Do you know that less than 5% of disabled consumers use a wheel on a regular basis?
You cannot always tell just by looking at a person if they have a disability.
Customers with limited mobility, heart conditions, lung conditions and other medical conditions appreciate the use of a motorized shopping cart.
A comfortable shopping experience increases the time spent in your store and ultimately increases total sales.
Do you know that the combination of bad in-store customer service experiences and the ease of accessible websites for on-line shopping, an increasing number of senior and disabled consumers are spending their money from home?
People enjoy a friendly retail experience. Shopping is not about products. It’s about finding a solution and feeling good. A disability friendly retail business will gain market share.
Customer Service Tips for Disabled and Senior Customers
WELCOME ALL GUESTS
Speak directly to each customer and make eye contact.
You rarely know who is living with a disability just by looking at them. Many disabilities are invisible.
Only 5% of the disabled population use a wheelchair on a regular basis.

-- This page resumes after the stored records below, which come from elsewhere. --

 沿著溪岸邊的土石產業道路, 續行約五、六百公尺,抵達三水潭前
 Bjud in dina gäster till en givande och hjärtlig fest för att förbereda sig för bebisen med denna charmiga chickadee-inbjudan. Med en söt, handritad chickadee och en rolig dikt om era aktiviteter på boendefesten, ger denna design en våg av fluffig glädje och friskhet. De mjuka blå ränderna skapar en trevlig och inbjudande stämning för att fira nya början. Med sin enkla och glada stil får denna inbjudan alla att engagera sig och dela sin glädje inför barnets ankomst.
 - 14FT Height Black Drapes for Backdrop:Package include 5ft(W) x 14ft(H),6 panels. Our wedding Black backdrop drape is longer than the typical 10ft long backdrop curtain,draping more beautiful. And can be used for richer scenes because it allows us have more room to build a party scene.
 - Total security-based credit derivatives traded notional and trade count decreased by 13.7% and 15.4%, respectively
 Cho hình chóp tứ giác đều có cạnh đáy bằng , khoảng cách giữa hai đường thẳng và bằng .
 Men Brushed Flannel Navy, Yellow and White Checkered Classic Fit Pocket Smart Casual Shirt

If a guest walks in and then uses the electronic cart, don’t judge them. Heart conditions and many other conditions cause fatigue.
A comfortable customer will shop longer and spend more.

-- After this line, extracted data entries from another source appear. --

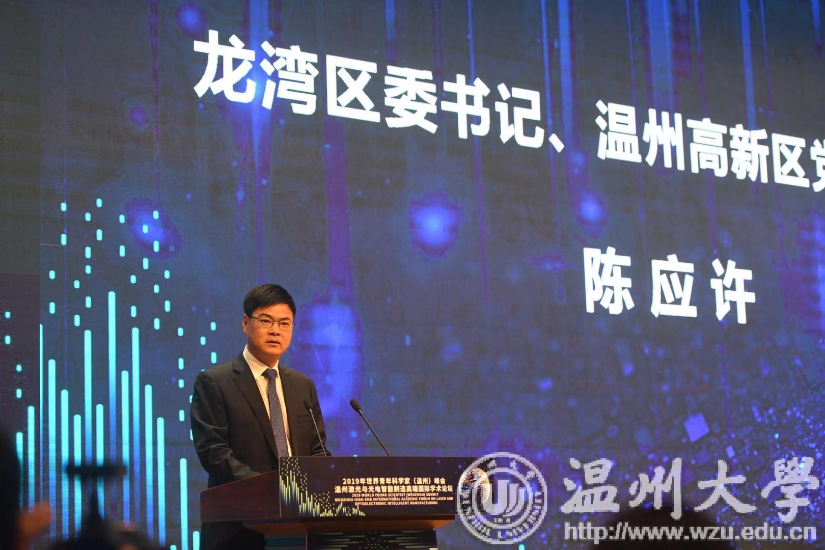 温州市龙湾区委书记陈应许首先致辞。他指出,温州是“21世纪海上丝绸之路”的重要节点城市,激光光电是龙湾区重点扶持发展的三大主导产业之一,温州高新区不断完善产业政策、全力优化营商环境,推动激光光电等智能制造产业蓬勃发展。他希望各位有才之士进一步认识和了解温州高新区,并诚挚欢迎各位来到这片热土施展才华、成就梦想。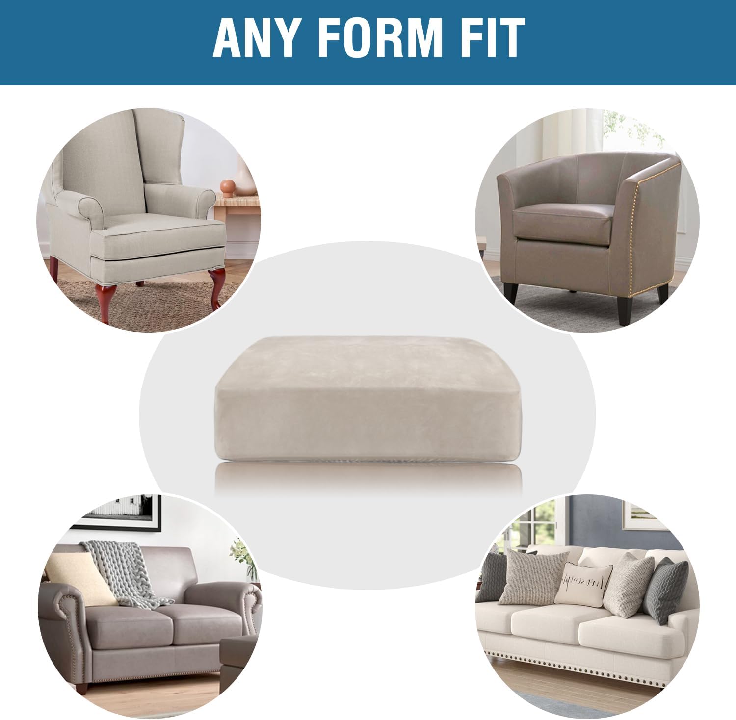 - ANY FORM FIT: Each cushion cover measures: 35-40" length, 21.6-30.5" width and 2-10" height. It's crafted from a unique extra stretchy fabric, perfect for regular square cushions, T-cushions and also L-cushions, used to cover not only the seat cushions of your sofa, but also the back cushions as long as they can be separated from the sofa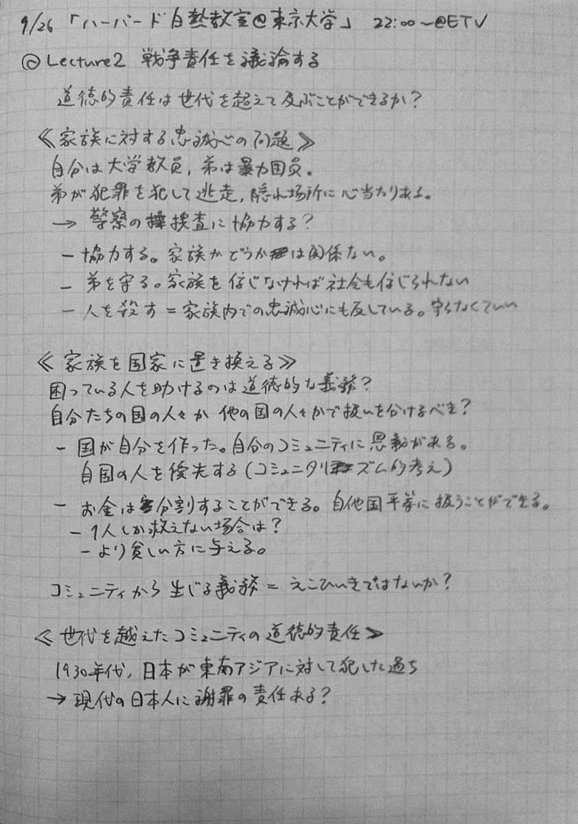 2010/09/27 Category : TV 「ハーバード白熱教室@東京大学 日本で正義の話をしよう」のノートです(Lecture2) 「ハーバード白熱教室@東京大学 日本で正義の話をしよう」のノート、今度はLecture2。「我々が最も感情的になる」愛国心の問題。サンデル教授が選んだのは、その中でも戦争責任について。日本→東南アジア、あるいは米国→日本の。こちらもまとめは「議論をすることこそ民主主義の下で社会に貢献すること」となっていて、サンデル教授は「議論することの大切さ」を本国でも、今回日本でも教えてくださったんだなぁ、と。 つづきはこちら [0回]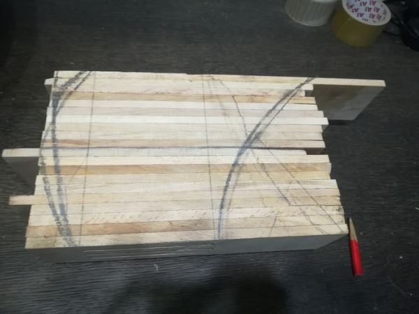 Примерную форму (до-конца не знал какая она будет, потому что не придумал еще) набросал карандашом и пошел выпиливать на ленточной пиле.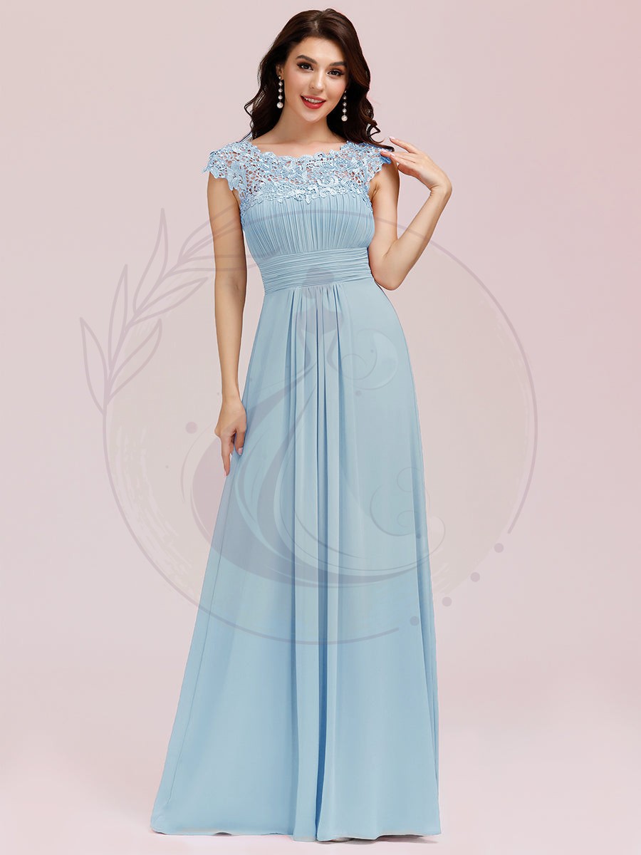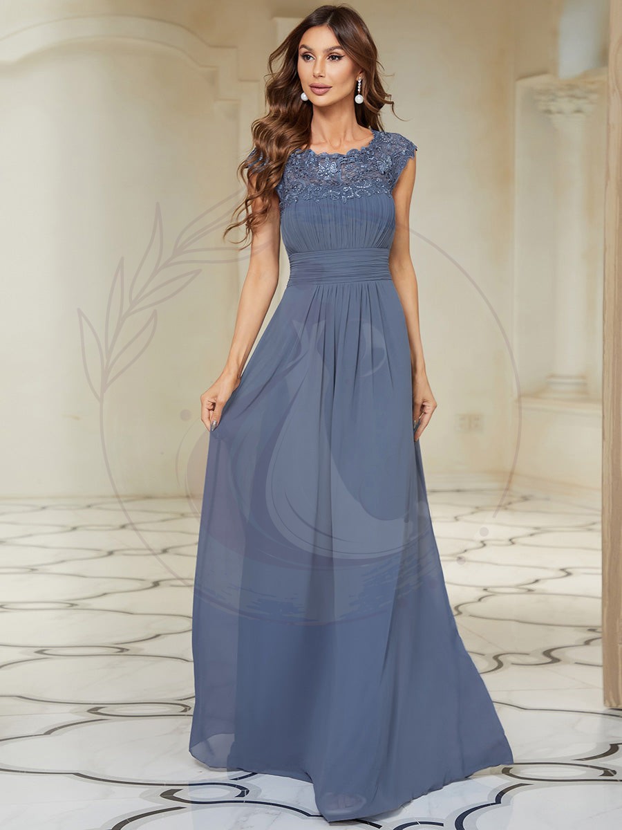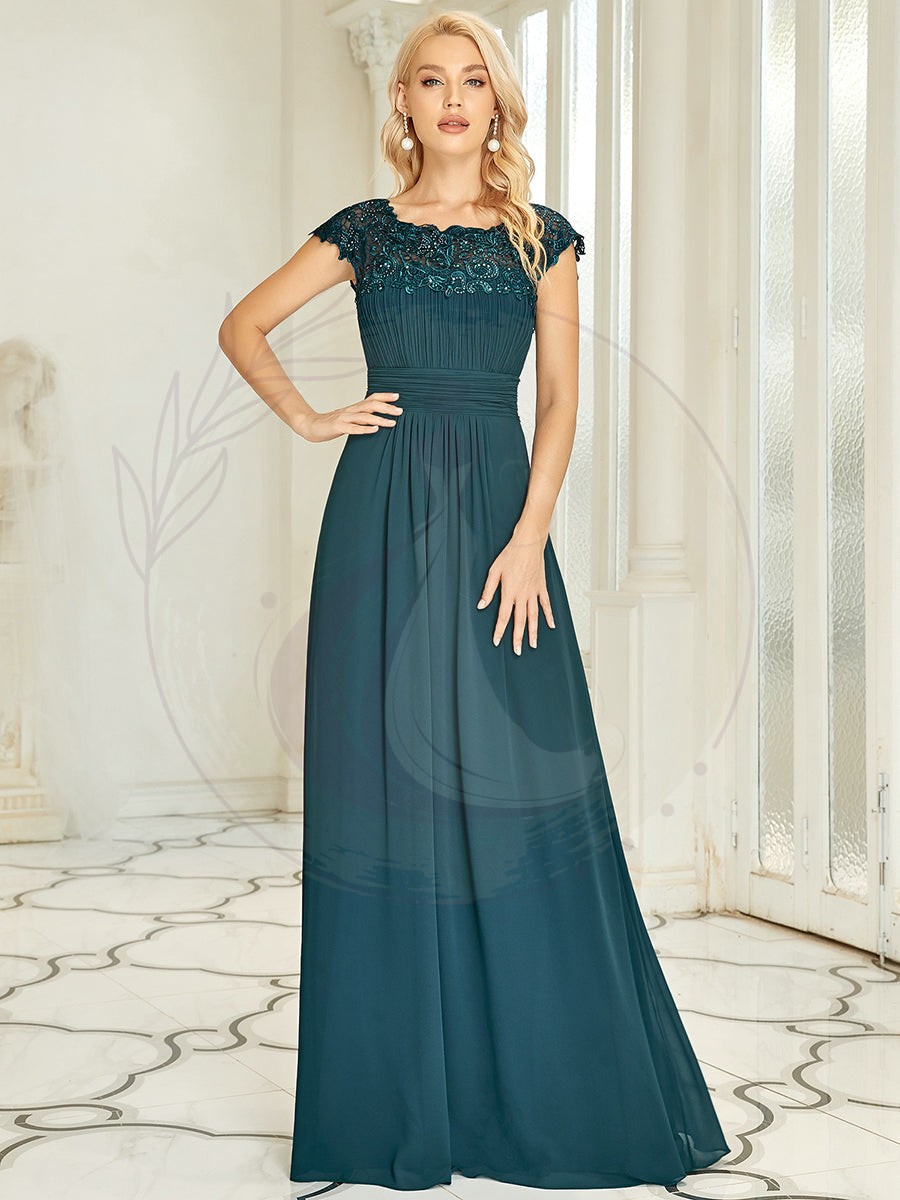 Explorez l’élégance intemporelle avec cette superbe robe de demoiselle d’honneur longue en fine mousseline. La robe se distingue par ses manches courtes en dentelle et son embellissement sophistiqué d’éléments strass sur l’encolure. Avec des plis soigneusement disposés au niveau du buste et de la taille, la robe sculpte une allure élégante et gracieuse, adaptée pour les cérémonies solennelles telles que les mariages.

Disabled Consumers love to shop locally.
Not every disability is visible, nor is every disability as severe as it might appear.

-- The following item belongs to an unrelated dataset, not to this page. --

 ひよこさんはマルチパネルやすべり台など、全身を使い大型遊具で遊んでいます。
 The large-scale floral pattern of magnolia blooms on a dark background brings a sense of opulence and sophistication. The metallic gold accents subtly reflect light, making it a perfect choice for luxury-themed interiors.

It’s OK to ask “Is there anything we can do to make your shopping more convenient?”
Offer specialized help to any customer who asks.
No matter how minor the request, make sure your employees are aware that some requests are unusual.
If a disabled customer makes an unusual request, as long as the request is safe for everyone, politely fulfill it.
Always ask first before automatically helping a disabled customer.
Strive for positive feedback from your disabled customers.
Staff should be alert and helpful to all customers.
Train staff to understand the importance of treating all customers with the same amount of respect and courtesy.
If a member of staff knows sign language, let the rest of the staff know.
Trainemployees to speak directly to a hearing-impaired person, not to their companion. They should speak clearly, not loudly.
Train employees to speak directly to any disabled customer, not to their companion.
Freezer and cooler doors should stay open until manually closed.
Make sure that nothing protrudes into pathways.
Appropriately space displays of merchandise for wheelchairs to maneuver through.
A cluttered store is an uncomfortable store.
People buy more when merchandise is easy to see and reach.
Having excessive merchandise does not mean that consumers are buying more.
A comfortable shopping experience increases total sales per consumer.
Avoiding leaving unattended stacks of inventory in the aisle. Keep aisle clutter free.
If removal of a barrier is not “readily achievable,” are the goods, services, etc. made available through alternative methods? Use high-contrast colored flooring in traffic areas, such as aisle.
Provide large changing rooms with seats and appropriate level clothes hooks for wheelchair access in clothing departments. Many changing rooms do not meet ADA Code.
Checkered tiles or patterns can help a person with visual impairments find their way through a dark or complex store.
Use different color walls or patterned flooring to delineate different departments.
Different textures of carpet and flooring for help with direction and wayfinding.
Disabled Consumers love to shop locally.
Add a note on your Facebook or Website welcoming “Customers with disabilities – contact us if you need any special assistance.
Make the company’s Website user-friendly to visitors with disabilities.
Disability-friendly businesses understand the tremendous spending power of this consumer segment and do everything in their power to welcome disabled customers to their business. This list is just a beginning. Consider getting a detailed ADA Inspection and Accessibility Survey with a detail report. Always remember that if you treat the disabled community well, you will have customers for life.